--- Dataset extract Enclosed Below ---
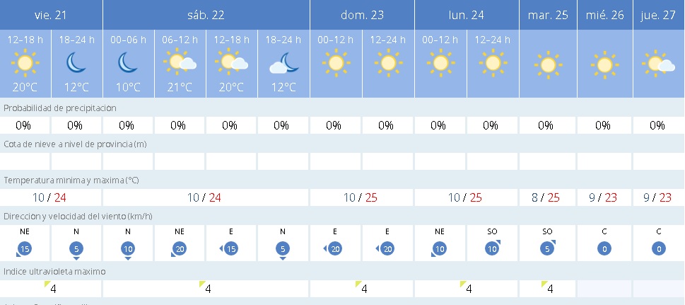 Las mínimas se mantendrán durante todo el fin de semana en los 10 grados, mientras que las máximas llegarán incluso hasta los 25 el domingo. Según la previsión de la Agencia Estatal de Meteorología (Aemet), los cielos, igualmente, se mantendrán principalmente despejados durante el domingo y el sábado. Así, esta tónica meteorológica se prolongará al menos hasta el próximo jueves.
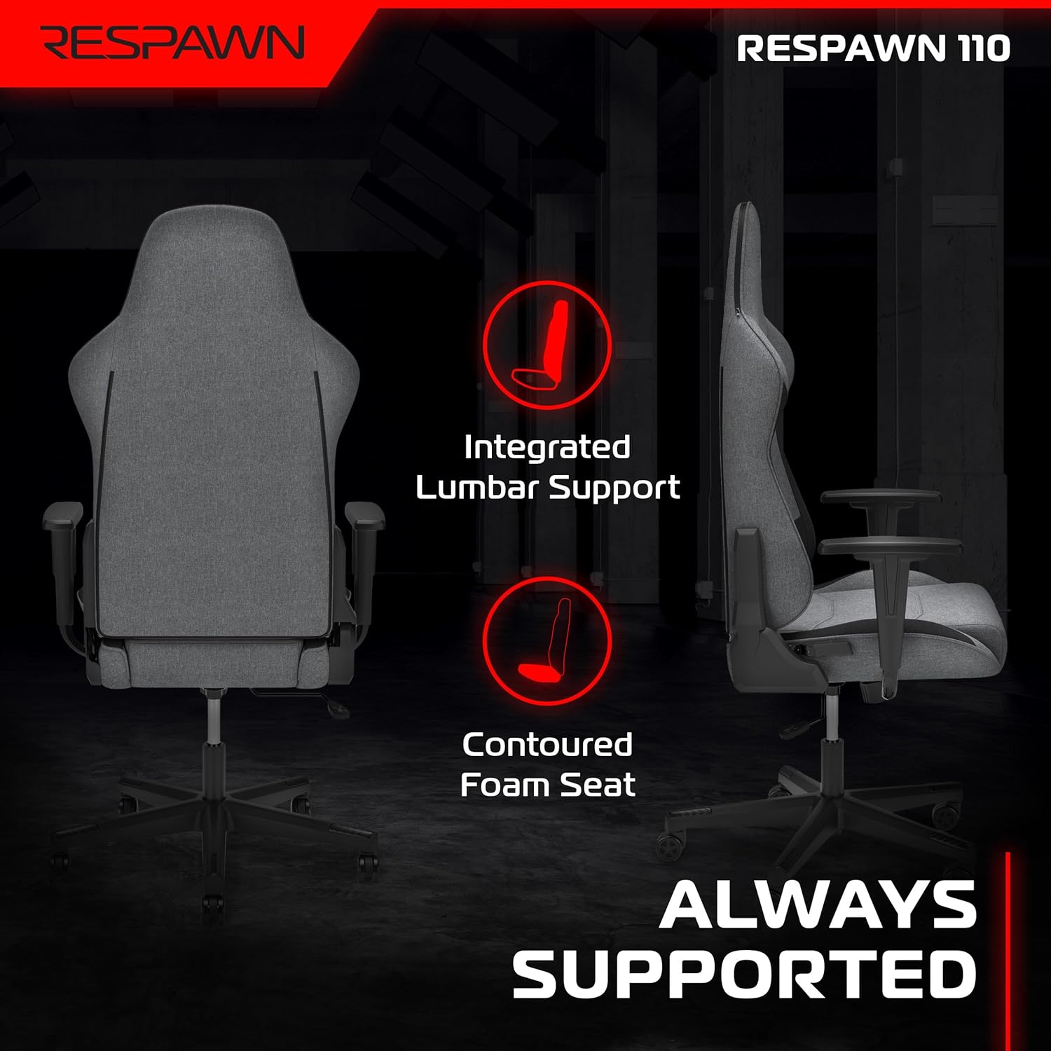 Respawn 110 Ergonomic Gaming Chair – Reclining Office Video Game Swivel Chair with Lumbar Support, Headrest, Heavy Duty, High Back, Racing Style Gaming Recliner Seat for Computer Gamer – Gray Fabric
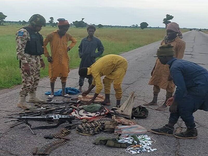 The firearms and incendiaries recovered from the terrorists include 8 AK 47 rifles, 1General Purpose Machine Gun (GPMG), 2 Fabrique Nationale (FN) Rifles, 1 Dane Gun, 1Makarov Pistol, 89 rounds of 7.62mm (Special) ammunition, 89 rounds of 12.7mm ammunition, 66 rounds of 7.62mm (NATO) ammunition, 5 x 9mm rounds of ammunition, 2 Hand Grenades, 27 AK 47 Rifle magazines, and 2 FN Rifle magazines.
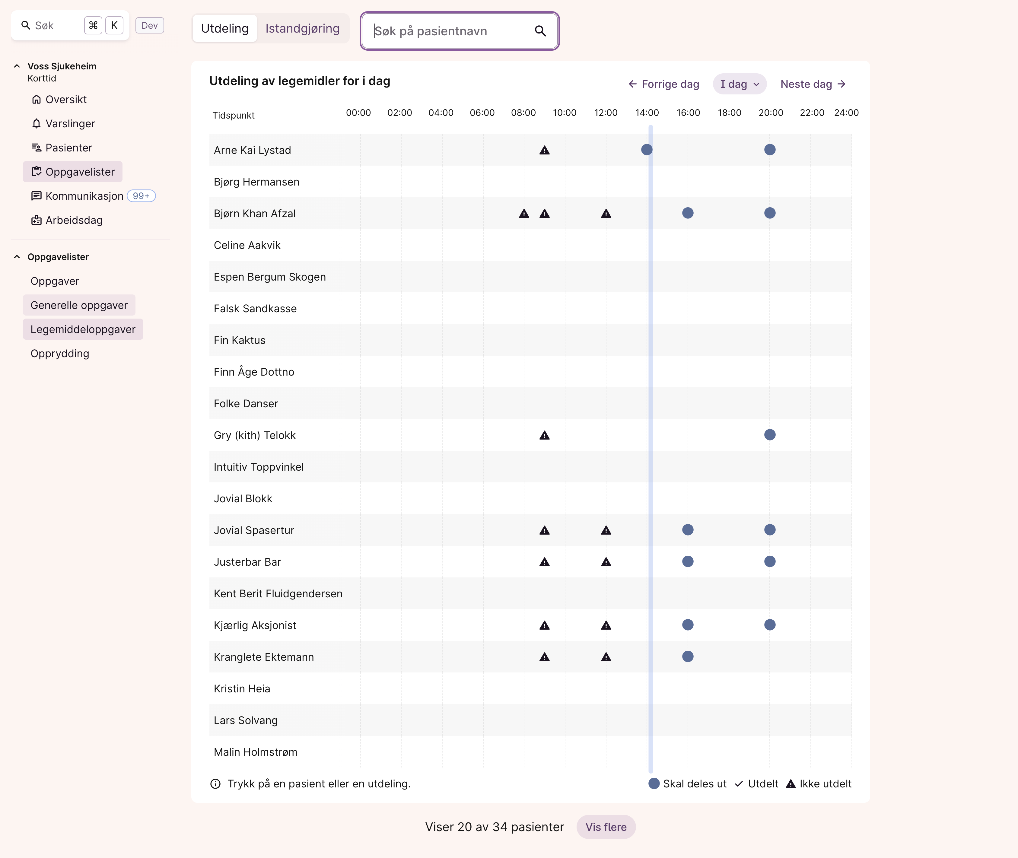 Under “Legemiddeloppgaver” i venstremenyen vil dere få oversikt over alle pasienter med legemidler og tidspunkt for utdeling. Gå til “Istandgjøring” i visningsvalget for å gjøre istand medisiner. Se denne artikkelen for mer detaljer om istandgjøring.
--- End of Enclosed Dataset extract ---
Task brief → Write the lines above out again exactly, without any of their pictures.

Response to the exercise →
 Las mínimas se mantendrán durante todo el fin de semana en los 10 grados, mientras que las máximas llegarán incluso hasta los 25 el domingo. Según la previsión de la Agencia Estatal de Meteorología (Aemet), los cielos, igualmente, se mantendrán principalmente despejados durante el domingo y el sábado. Así, esta tónica meteorológica se prolongará al menos hasta el próximo jueves.
 Respawn 110 Ergonomic Gaming Chair – Reclining Office Video Game Swivel Chair with Lumbar Support, Headrest, Heavy Duty, High Back, Racing Style Gaming Recliner Seat for Computer Gamer – Gray Fabric
 The firearms and incendiaries recovered from the terrorists include 8 AK 47 rifles, 1General Purpose Machine Gun (GPMG), 2 Fabrique Nationale (FN) Rifles, 1 Dane Gun, 1Makarov Pistol, 89 rounds of 7.62mm (Special) ammunition, 89 rounds of 12.7mm ammunition, 66 rounds of 7.62mm (NATO) ammunition, 5 x 9mm rounds of ammunition, 2 Hand Grenades, 27 AK 47 Rifle magazines, and 2 FN Rifle magazines.
 Under “Legemiddeloppgaver” i venstremenyen vil dere få oversikt over alle pasienter med legemidler og tidspunkt for utdeling. Gå til “Istandgjøring” i visningsvalget for å gjøre istand medisiner. Se denne artikkelen for mer detaljer om istandgjøring.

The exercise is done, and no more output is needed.